BspQI
BspQI は、特定の部位を認識できる大腸菌で組換え発現することができ、以下の方法で生産されます。
IIs 制限エンドヌクレアーゼ制限エンドヌクレアーゼである BspQI は、Bacillus sphaericus からクローン化および修飾された BspQI 遺伝子を保有する組換え大腸菌株に由来します。特定の部位を認識することができ、認識配列と切断部位は以下の通りです。
5' · · · ·GCTCTTC(N) · · · · · · · · · · ·3'
3' · · · · CGAGAAG(NNNN) · · · · 5'
製品の特徴
1. 高活性、速い消化;
2. 星の活動が低く、「メス」のような正確な切断を保証します。
3. BSA を含まず、動物由来成分を含まない。
メチル化感受性
Dメチル化されています:敏感ではありません。
Dcmメチル化:敏感ではありません。
CpGメチル化:敏感ではありません。
保管条件
製品は0℃以下で出荷する必要があります。-25~-15℃の環境で保管してください。
ストレージバッファ
20mM Tris-HCl、0.1mM EDTA、500mM KCl、1.0mM ジチオスレイトール、500μg/ml 組換えアルブミン、0.1% Trition X-100、および 50% グリセロール (pH 7.0 @ 25°C)。
単位の定義
1 ユニットは、総反応量 50 µL 中、50℃、1 時間で 1 µg の内部コントロール DNA を消化するのに必要な酵素の量として定義されます。
品質管理
タンパク質純度アッセイ (SDS-PAGE):BspQI の純度は SDS-PAGE 分析により 95% 以上と測定されました。
RNase:10UのBspQIと1.6μgのMS2 RNAを50℃で4時間処理しても、アガロースゲル電気泳動で測定されたように分解はありません。
非特異的 DNase 活性:10UのBspQIと1μgのλ DNAを50℃で16時間処理した場合、50℃で1時間処理した場合と比較して、アガロースゲル電気泳動で過剰なDNAは生成しませんでした。
結紮と再切断:1μgのλDNAを10U BspQIで消化した後、DNA断片をT4 DNAリガーゼを用いて16℃でライゲーションできます。
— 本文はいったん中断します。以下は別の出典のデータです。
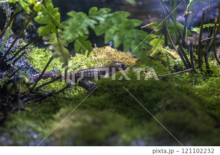 苔の生えた岩とイモリ パルダリウム
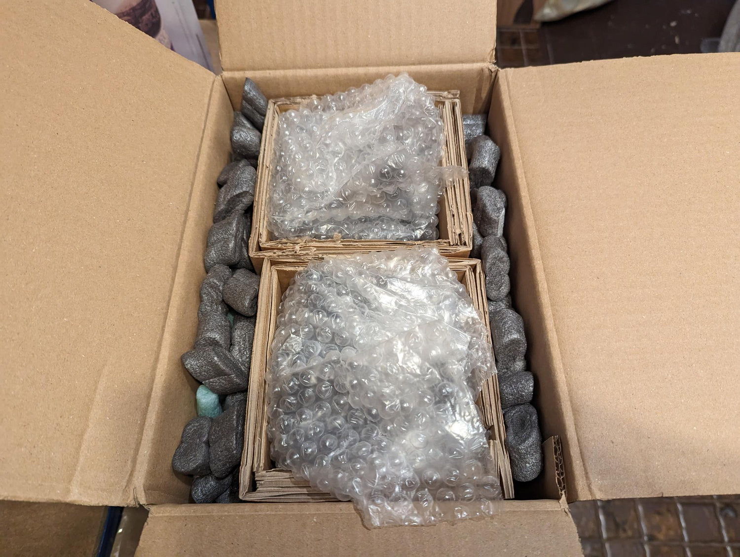 Nun werden beide Kartons in den Versandkarton gestellt und zusätzlich mit Packpapier und Verpackungschips geschützt.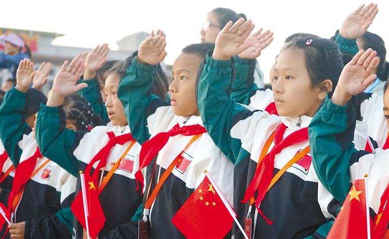孩子們?cè)谔彀查T(mén)廣場(chǎng)觀看升旗儀式。中國(guó)兒童中心供圖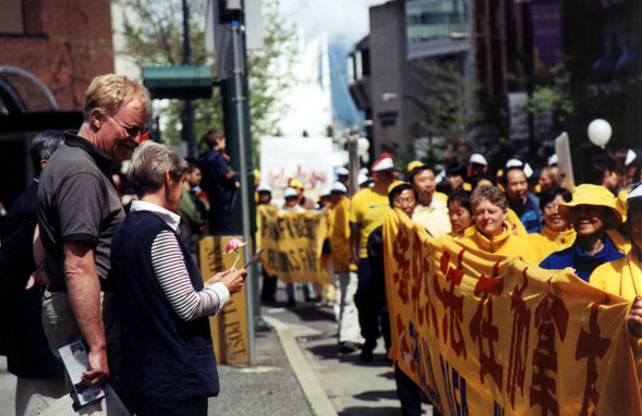 温哥华游行展示了大法的美好 练功队伍 2003-7-4
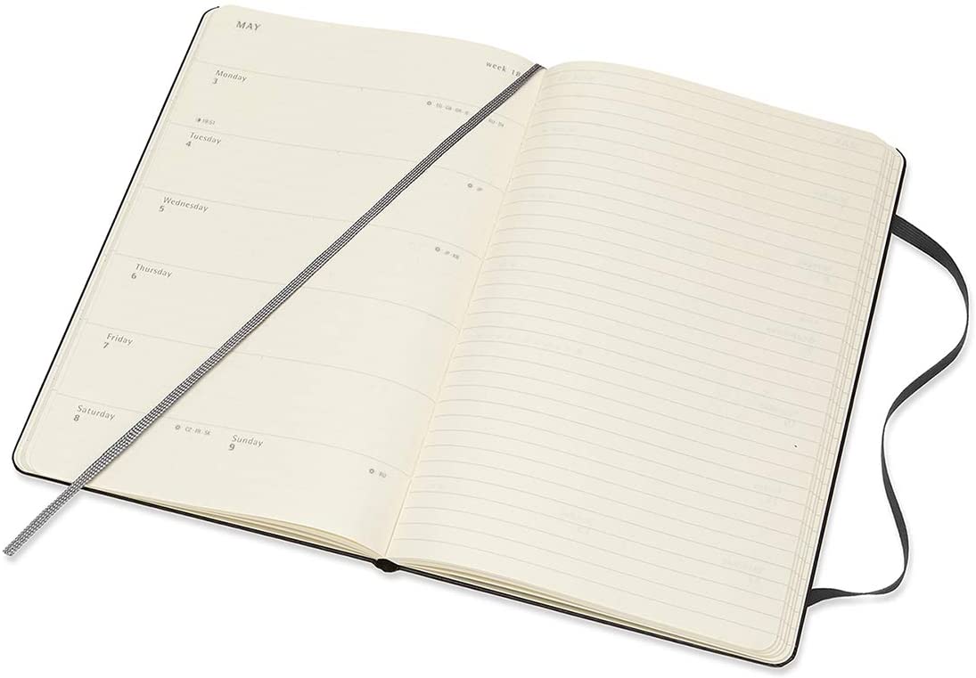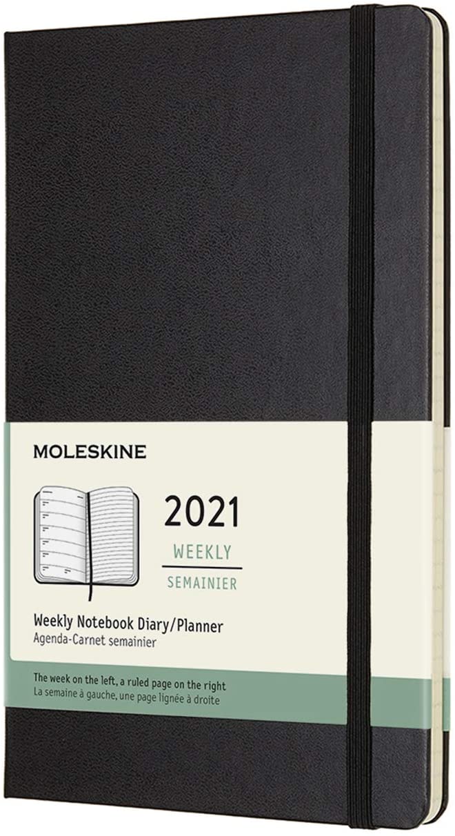 The 12-Month Weekly Notebook Diary/Planner in classic black balances week-by-week planning with note-taking. Each two-page spread shows the days of the week on the left, opposite a ruled page for notes, to-dos and random thoughts on the right. Dated from January to December 2021, this practical layout lets you see the whole week at a glance, while also providing the space and freedom of a notebook.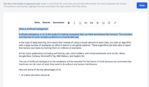 Turn Ideas into Content at Scale. Use Contentyze to automatically create marketing content from raw data using Artificial Intelligence. Need 10,000 product descriptions for your ecommerce platform? Import your spreadsheet and build a template to generate all texts at once. Writing a long blogpost and you're stuck? Input a headline to get a longer text or rewrite a text from other blog by simply providing a link. Behind on your social media posts schedule? Generate short summaries from any longer text and post them directly to social media. Take your business to the next level with our automation tools for writing, monitoring and distributing content across multiple platforms. Create templates for your narratives. Build your own templates for stories or let our AI do that for you. With templates ready you'll be able to generate stories just by providing raw data. Easy to configure. Based on your past stories or totally unique.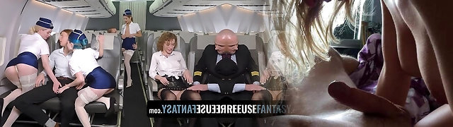 Unforgettable flight with sumptuous stewardesses turned into a group sex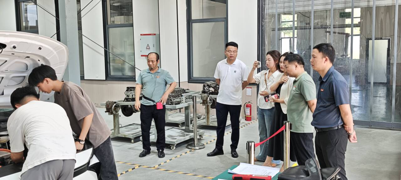 会后,双方一同到分院汽车实训室、江西省黄辉机电技术技能大师工作室参观交流,郑维贤一行对分院在人才培养模式、实训基地建设、建设成果等方面的给予高度评价。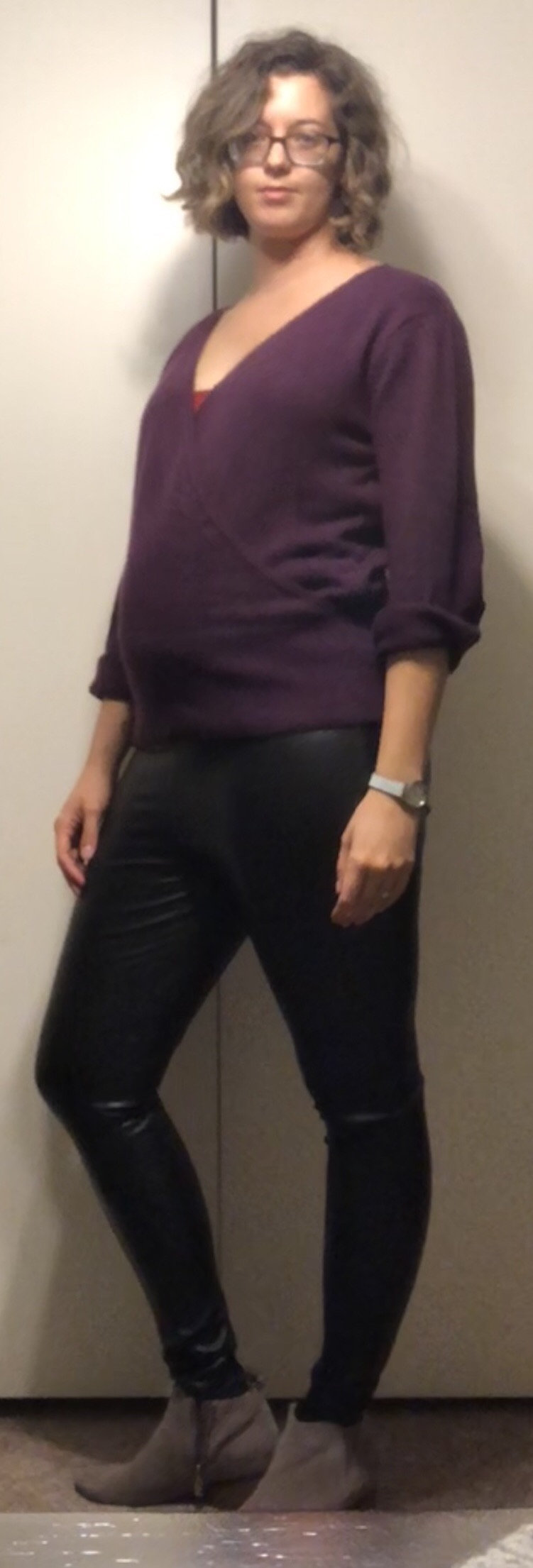 @lelkcot I have a scarf that I'm going to try to wear as a sort of wrap. I'll play around with it more tonight. I reeeeally want to wear these leggings but they're definitely a challenge to style properly.

そして、これらの連結された断片は BspQI で再切断できます。
大腸菌 DNA: 大腸菌 16s rDNA 特異的 TaqMan qPCR 検出により、大腸菌ゲノム残基 ≤ 0.1pg/ul が示されました。
宿主タンパク質残基:≤ 50ppm
細菌性 エンドトキシン: 中国薬局方 IV 2020 版、ゲル限界試験方法、一般規則 (1143) による LAL テスト。細菌のエンドトキシン含有量は 10 EU/mg 以下である必要があります。
反応系と反応条件
| 成分 | 音量 |
| BspQ I(10U/μL) | 1μL |
| DNA | 1μg |
| 10×BspQ Iバッファ | 5μL |
| ddH2O | 50μLまで |
反応条件:50℃, 1~16時間。
加熱失活:80℃ 20分間
推奨される反応系と条件は比較的良好な酵素消化効果をもたらしますが、これは参考のみです。詳細については実験結果を参照してください。
製品の用途
制限エンドヌクレアーゼ消化、迅速なクローニング。
ノート
1. 酵素量 ≤ 反応量の 1/10。
2. グリセロール濃度が 5% を超えるとスター活性が発生する可能性があります。
3. 基質が推奨比率を下回っている場合、切断活性が発生する可能性があります。